TASK MATERIAL:
━━━━
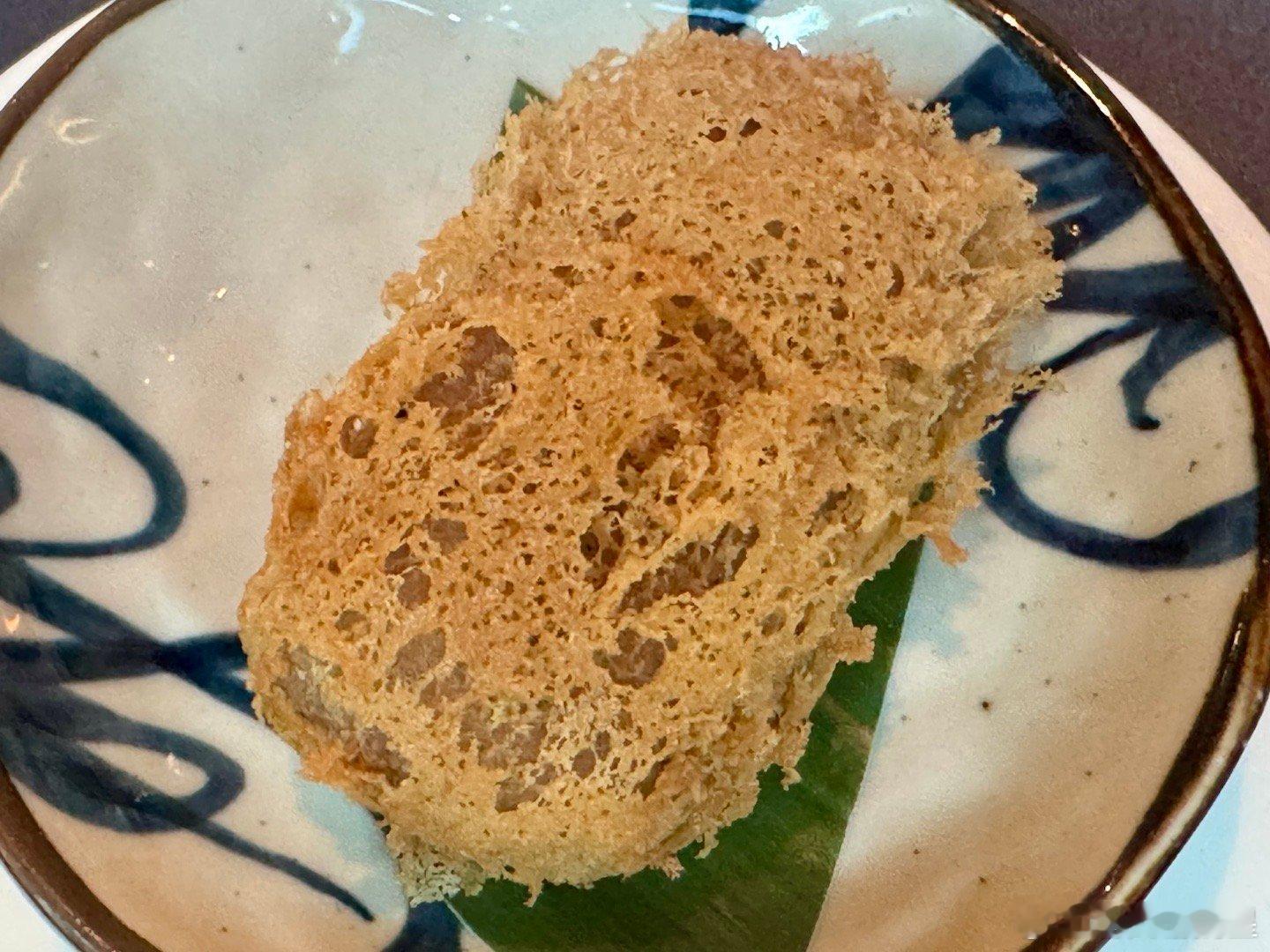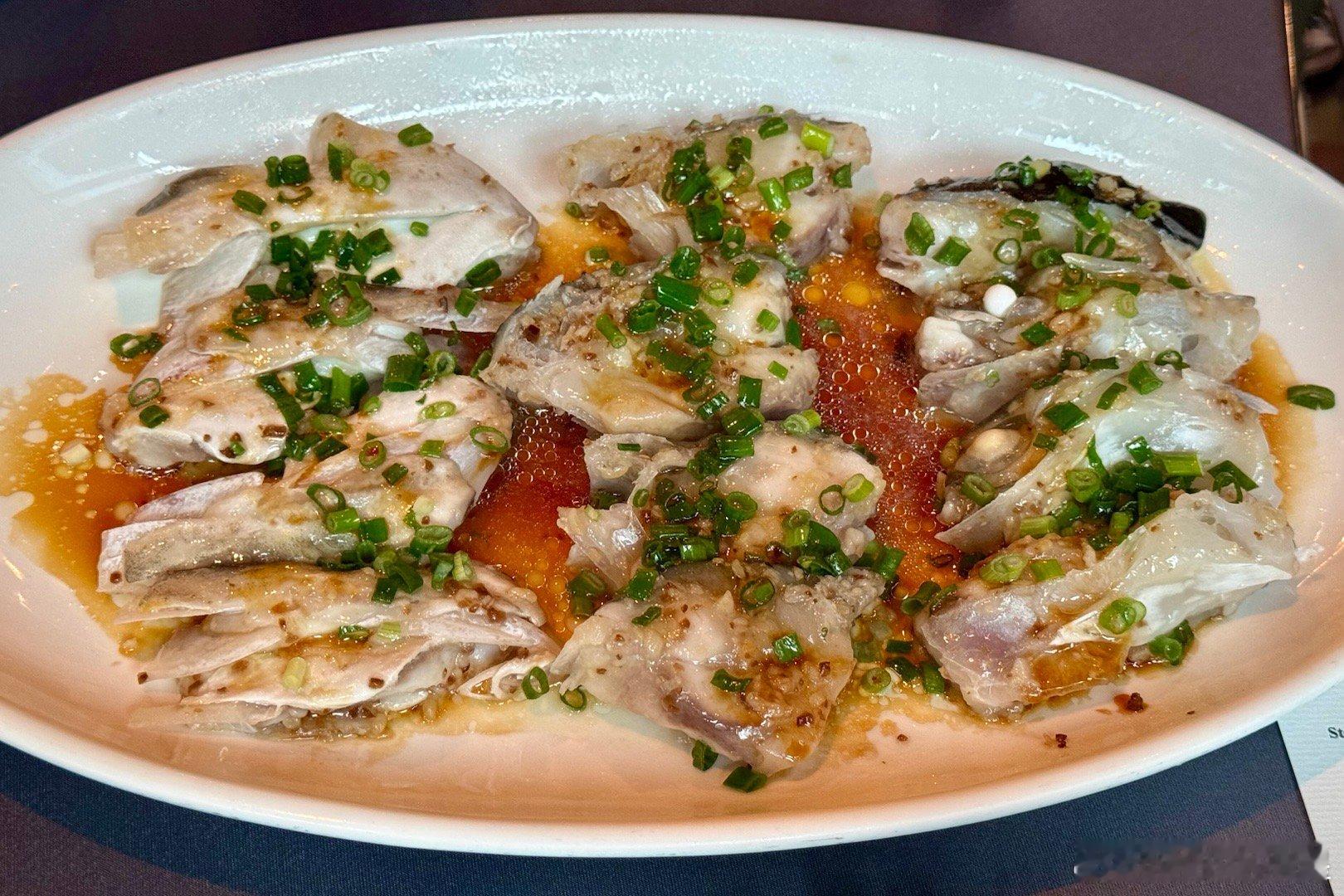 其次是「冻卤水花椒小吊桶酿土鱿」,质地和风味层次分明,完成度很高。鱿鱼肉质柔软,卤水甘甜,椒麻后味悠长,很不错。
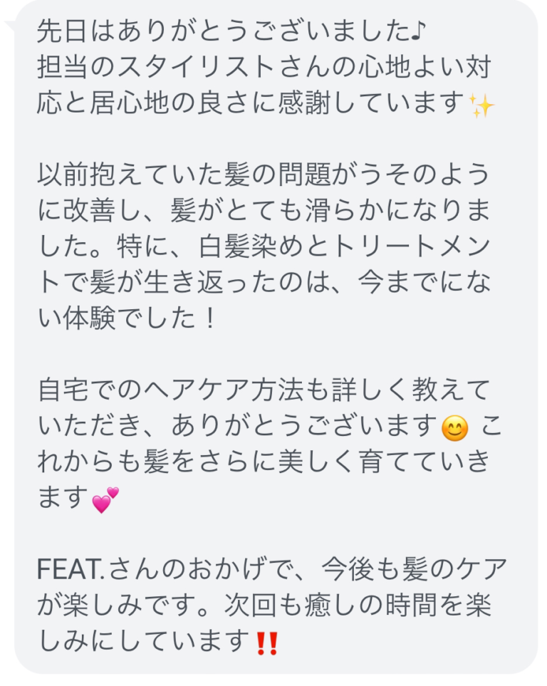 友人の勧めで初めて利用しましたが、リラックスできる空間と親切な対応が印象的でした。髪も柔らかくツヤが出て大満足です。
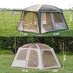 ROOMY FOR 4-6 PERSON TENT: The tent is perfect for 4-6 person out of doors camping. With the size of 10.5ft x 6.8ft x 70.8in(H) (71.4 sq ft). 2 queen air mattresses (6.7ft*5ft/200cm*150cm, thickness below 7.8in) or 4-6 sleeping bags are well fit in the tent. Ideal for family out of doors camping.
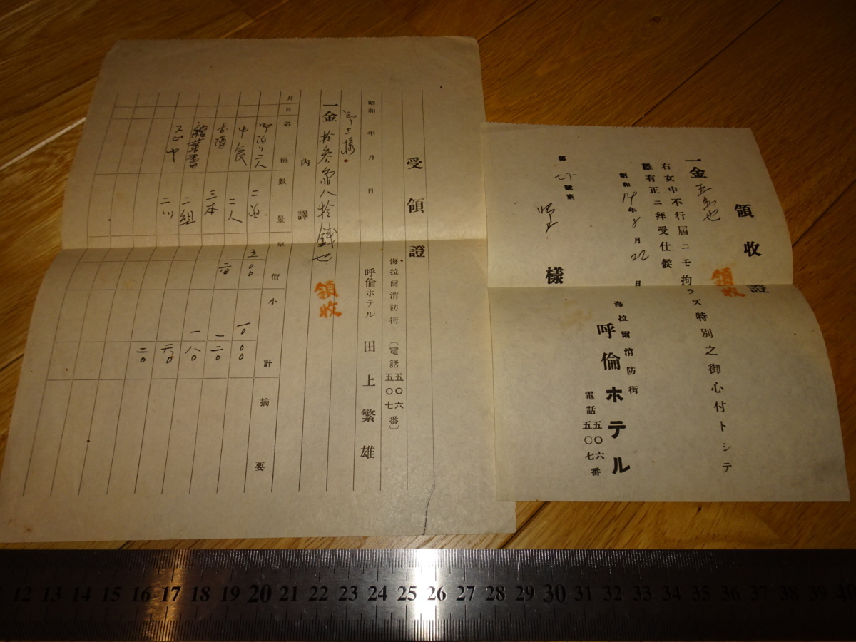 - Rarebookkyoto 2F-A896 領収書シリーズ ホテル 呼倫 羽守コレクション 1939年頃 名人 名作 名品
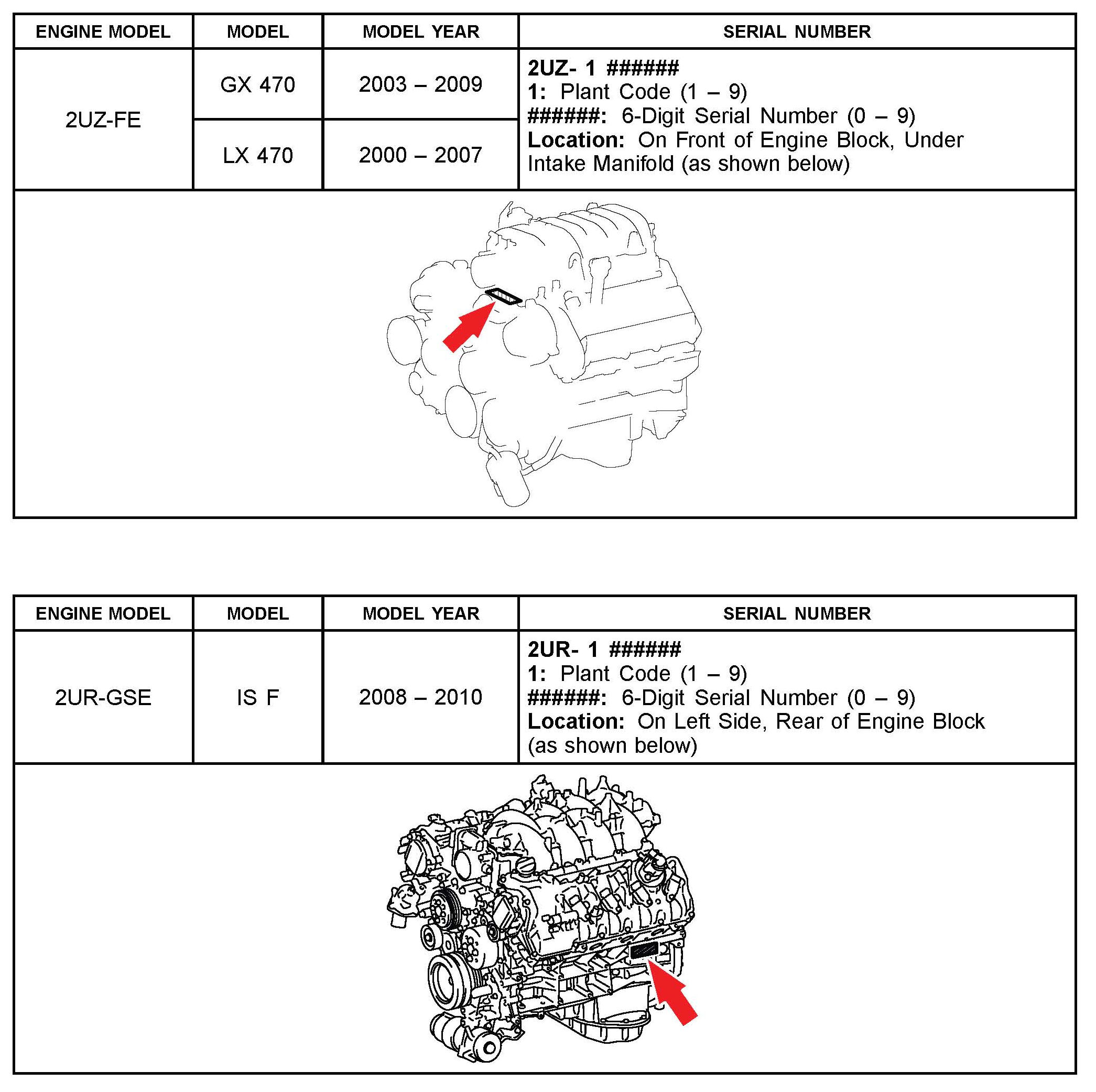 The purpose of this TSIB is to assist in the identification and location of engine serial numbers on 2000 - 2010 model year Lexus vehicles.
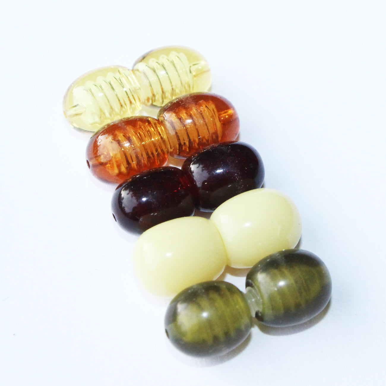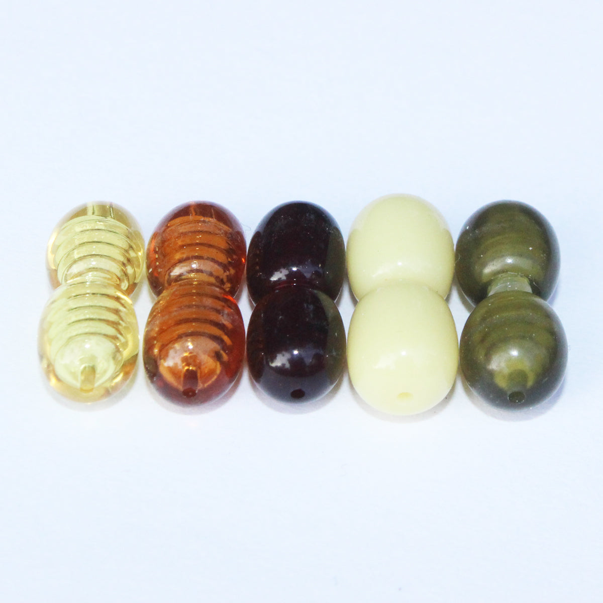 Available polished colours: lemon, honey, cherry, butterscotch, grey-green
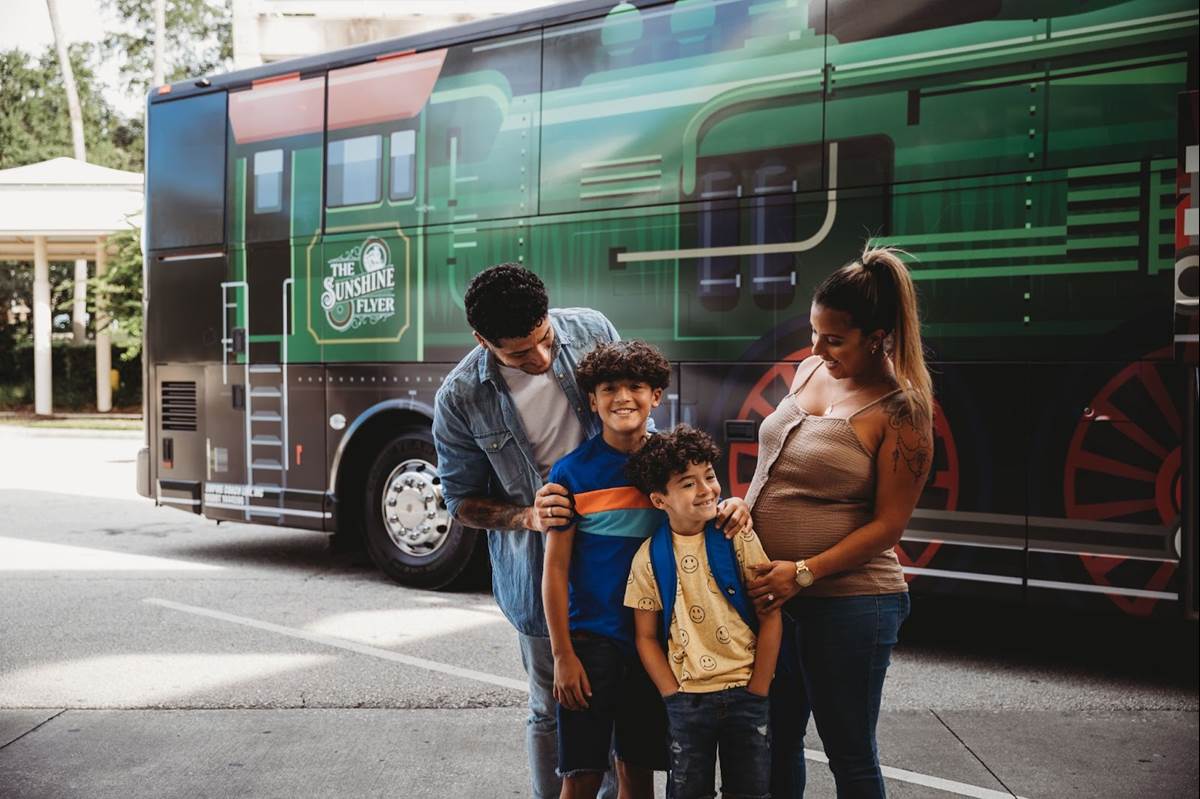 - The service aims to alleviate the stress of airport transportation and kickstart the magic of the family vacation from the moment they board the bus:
━━━━
TO DO: In the listing above, find the line containing "The purpose of" and the line containing "cherry, butterscotch, grey-green". Print those two lines and every line between them exactly, with no pictures.

SOLUTION:
 The purpose of this TSIB is to assist in the identification and location of engine serial numbers on 2000 - 2010 model year Lexus vehicles.
 Available polished colours: lemon, honey, cherry, butterscotch, grey-green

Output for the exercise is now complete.